Task input ::
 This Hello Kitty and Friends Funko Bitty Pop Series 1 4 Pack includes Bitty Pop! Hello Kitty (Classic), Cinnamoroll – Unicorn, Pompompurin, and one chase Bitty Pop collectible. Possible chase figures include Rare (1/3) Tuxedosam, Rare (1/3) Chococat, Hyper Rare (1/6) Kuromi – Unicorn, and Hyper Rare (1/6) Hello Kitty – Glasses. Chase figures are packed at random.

==

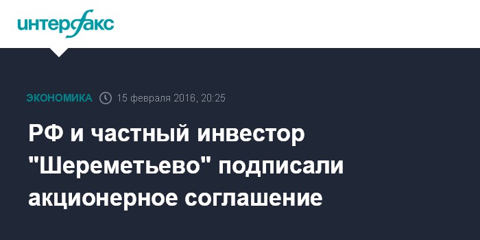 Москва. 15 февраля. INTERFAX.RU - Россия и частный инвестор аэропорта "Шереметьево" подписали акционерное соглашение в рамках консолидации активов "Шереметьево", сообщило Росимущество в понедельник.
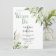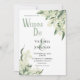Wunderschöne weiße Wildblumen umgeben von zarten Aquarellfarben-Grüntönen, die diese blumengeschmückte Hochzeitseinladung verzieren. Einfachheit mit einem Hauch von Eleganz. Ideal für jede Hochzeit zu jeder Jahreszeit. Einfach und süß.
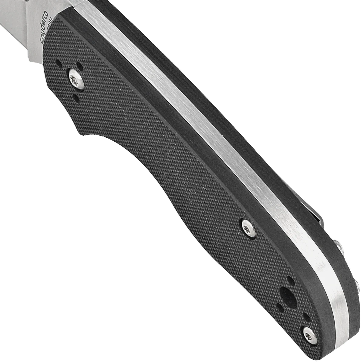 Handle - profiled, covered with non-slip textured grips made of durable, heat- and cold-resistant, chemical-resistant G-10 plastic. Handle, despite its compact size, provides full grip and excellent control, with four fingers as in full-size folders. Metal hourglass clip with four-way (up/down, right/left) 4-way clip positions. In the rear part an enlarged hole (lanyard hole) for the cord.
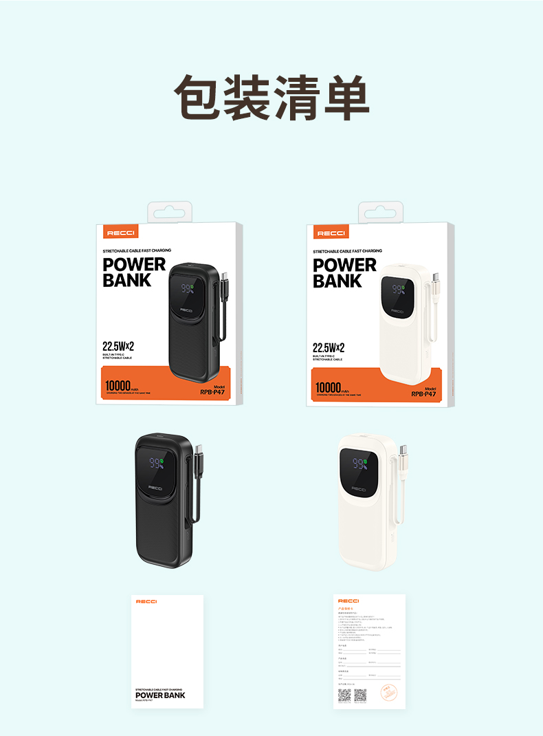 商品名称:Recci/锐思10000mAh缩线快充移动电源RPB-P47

Work request :: What should come back is an exact copy of the lines above from the line with "Handle - profiled, covered" to the line with "商品名称:Recci/锐思10000mAh缩线快充移动电源RPB-P47", both included, minus the pictures.

Worked solution ::
 Handle - profiled, covered with non-slip textured grips made of durable, heat- and cold-resistant, chemical-resistant G-10 plastic. Handle, despite its compact size, provides full grip and excellent control, with four fingers as in full-size folders. Metal hourglass clip with four-way (up/down, right/left) 4-way clip positions. In the rear part an enlarged hole (lanyard hole) for the cord.
 商品名称:Recci/锐思10000mAh缩线快充移动电源RPB-P47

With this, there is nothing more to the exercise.